The swimsuit targets Lake’s opponent, Governor-elect Katie Hobbs (D), who’s at present Arizona’s secretary of state, together with prime officers in Maricopa County, essentially the most populous within the state. As secretary of state, Hobbs licensed Arizona’s election outcomes.
Within the 70-page lawsuit, Lake asks the Maricopa County Superior Court docket for an order “declaring that Kari Lake is the winner of the 2022 Arizona gubernatorial election,” or alternatively throwing out the outcomes of the election and requiring the county to conduct a brand new election.
Lake is the highest-profile election denier to contest her own loss within the midterm elections. Most others who misplaced have conceded defeat.
Even earlier than midterm voting started, Lake refused to say she would settle for the outcomes of the gubernatorial election except she received. She described the race as “botched” earlier than it was known as.
The lawsuit repeats unsupported claims that Lake has beforehand made about Maricopa County’s election and alleges that Hobbs and the county officers have “shattered” public belief within the election course of.
Hobbs’s marketing campaign known as the lawsuit baseless, saying it was a “determined try and undermine our democracy and throw out the desire of the voters.”
“Arizonans made their voices heard and elected Katie Hobbs as governor.

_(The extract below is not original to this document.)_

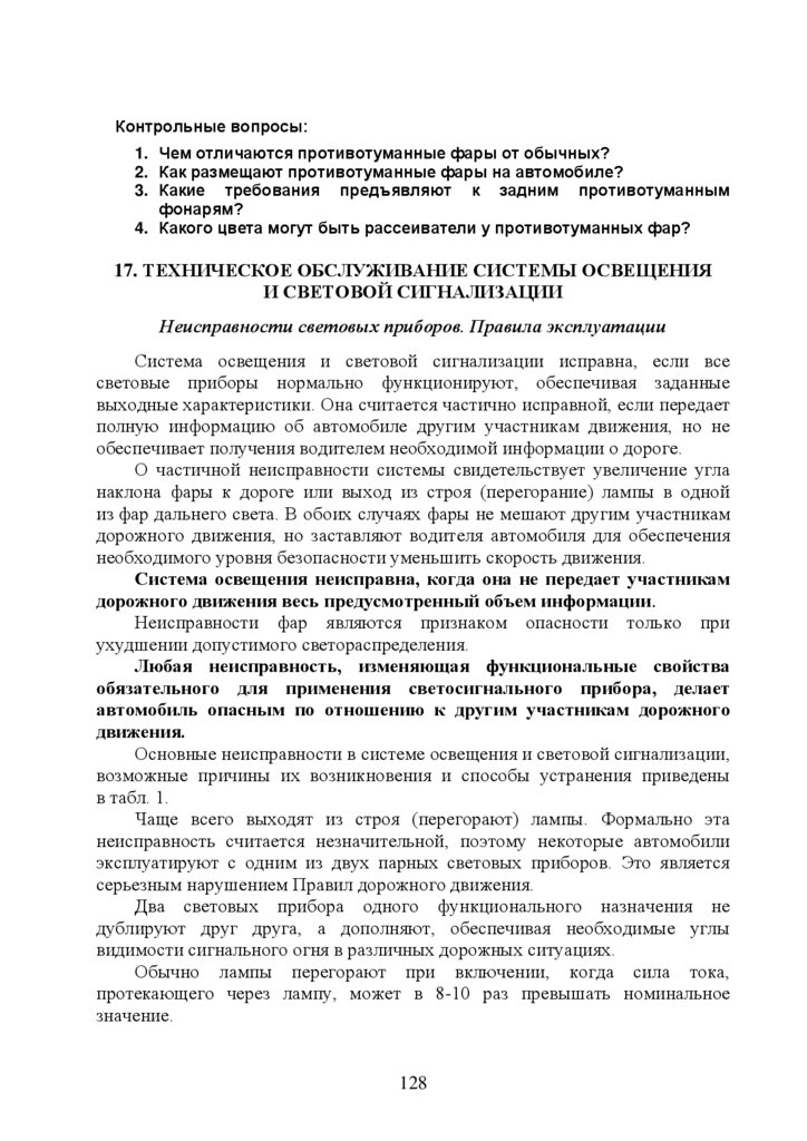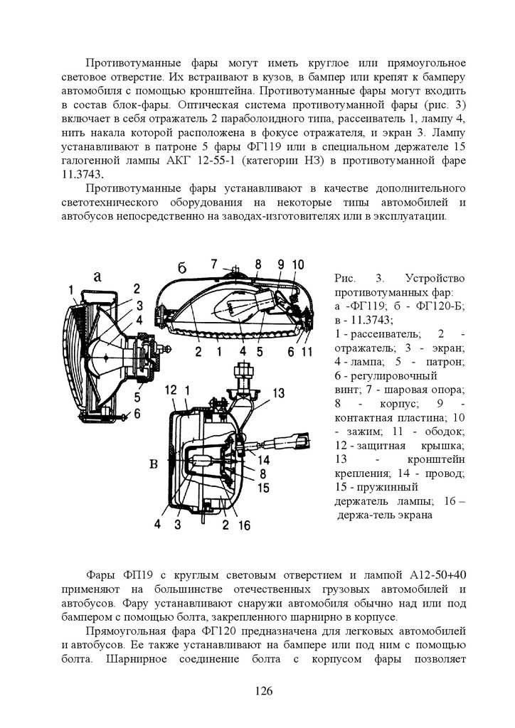 16.Противотуманные фары и фонари …………………………………..120
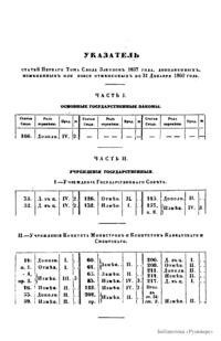 Свод законов Российской империи— официальное собрание расположенных в тематическом порядке действующих законодательных актов Российской империи, созданное при Николае I. Впервые он был напечатан в 1832 году. Манифестом 31 января 1833 года Свод законов был объявлен действующим источником права с 1 января 1835 года. Первое издание 1832 года и последующие 1842-го и 1857 года состояли из пятнадцати томов. После 1857 года Свод законов полностью не переиздавался, а выходили лишь отдельные тома. В качестве отдельного – 16-го тома в 1885 году вышли Судебные уставы. Между изданиями Свода законов выходили ежегодные и сводные (за несколько лет) «Продолжения» Свода законов с указанием на упраздненные и измененные статьи. В своде законов собраны все реально действовавшие в определенный момент времени законы по тем или иным проблемам права, это справочник для юристов. Отбор законодательного материала для включения в Свод производился на основе Полного собрания законов (первое Полное собрание законов, появившееся в 1830 году, состояло из 45 томов, содержащих 30 920 актов и 6 томов приложений). Собрание законов – это в большой степени историческое издание. По нему можно изучать развитие, направление правительственной мысли в стране. Это летопись отечественного законотворчества. Изучая страницу за страницей эту летопись, мы можем узнать, что в тот или иной момент истории являлось злобой дня.

No nuisance lawsuit will change that,” Hobbs’s marketing campaign said in a statement on Twitter.
Like Trump, Lake has sought to sow doubt within the election outcomes by way of social media, asking customers to share their accounts of voting points in Maricopa County. She has shared tales of some voters who needed to wait in strains to solid their ballots because of a printing error.
“The Election Day debacle … preclude[s] the Defendants on this motion from certifying Hobbs because the winner of the election,” the lawsuit reads. The swimsuit partly hinges on these claims, alleging “unlawful” votes and saying Republican voters have been “disenfranchised.”
Responding to a request for remark from The Washington Publish, Lake’s authorized counsel, Kurt Olsen, cited particulars from the 70-page lawsuit.
Olsen complained of purported discrepancies between poll signatures and the official file signatures for some voters, in addition to mechanical issues at some websites on election day.
There isn’t a proof voters couldn’t solid their ballots due to mechanical glitches, in response to a report by election officials. Tom Liddy, Maricopa County’s civil division chief and a lifelong Republican, wrote in a five-page letter accompanying the report that “all voters have been nonetheless offered affordable, lawful choices for voting.”
A leaked call final month confirmed that attorneys for Lake’s marketing campaign and the Republican Nationwide Committee questioned a lawyer for Maricopa County, which incorporates Phoenix, about perceived voting issues. After her loss, advisers urged Lake not to claim the election was stolen, as Trump did in 2020, The Publish reported.
Lake additionally asks the judges to order a “forensic examination” into what the lawsuits lists as issues on Election Day, to throw out any invalid ballots, and to permit her to examine Maricopa County’s ballots.
Meryl Kornfield contributed to this report.